# When will Uber get it? Their rating system is misleading and flawed.



## Marcuber (Oct 23, 2014)

You could conform to all the requirements of an uber car and driver. Clean- odorless car, politeness etc, all it takes is for
- A passenger to ask you if they could smoke in the car,
- If they could eat in your car
- To take the express lane on a 10 minutes trip with the toll fee at $15 on a friday during the rush hour.
-To go above the speed limit because they are running late.
- To speed at the airport, and go beyond the 15mph speed limit, because they want to miss their flight.
- To run or try to beat a red light because, supposedly, there are no police around.
.... and the list goes one... All it takes to get a poor rating like a 1 star, is for you to decline one of these absurd requests.
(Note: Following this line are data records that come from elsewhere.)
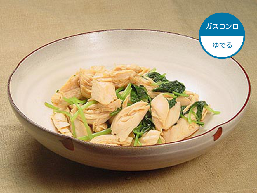 鍋に湯を沸かしてささみをゆでる。火が通ったら、熱いうちにボウルの中で身を細くほぐしておく。
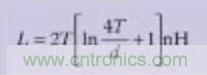 通孔是另外一种寄生源;它们能引起寄生电感和寄生电容。(公式三)是计算寄生电感的公式,请参考(图八)。
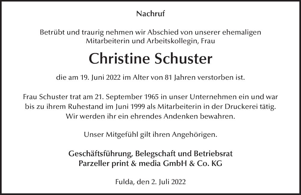 Hier finden Sie alle Traueranzeigen aus der Zeitung, die bisher für Christine Schuster erschienen sind. Weitere Traueranzeigen, die in der Zeitung erscheinen, werden hier ebenfalls aufgelistet

You could also easily get a 1 star just for asking a passenger not to put his feet on the seat. Uber needs to hire real business administrators, cause I'm positive the folks working at their corporate offices are there because of nepotism.


----------



## DriversOfTheWorldUnite (Nov 11, 2014)

The rating system is what it is. Uber just needs to stop firing people based on it, because of all the reasons you describe.


----------



## unter ling (Sep 29, 2014)

The ratings system is not in place to assist drivers, its there to make riders happy because they are in control. Uber make you a slave to the pax, (your personal driver). The way uber see it there are plenty of drivers to replace you. After all they are the best thing to ever happen to passenger transport. Pax are the same, if you dont do what we want we will rate you badly and then next time you will have to do what we want. This is the sort of crap ideals we accept when we become uber drivers. I would not accept these absurd terms, so i told uber and gave them there phone back.

Drivers, you have a choice. You can accept uber terms, you can group together and fight uber or you can tell them to stick it. Its your choice


----------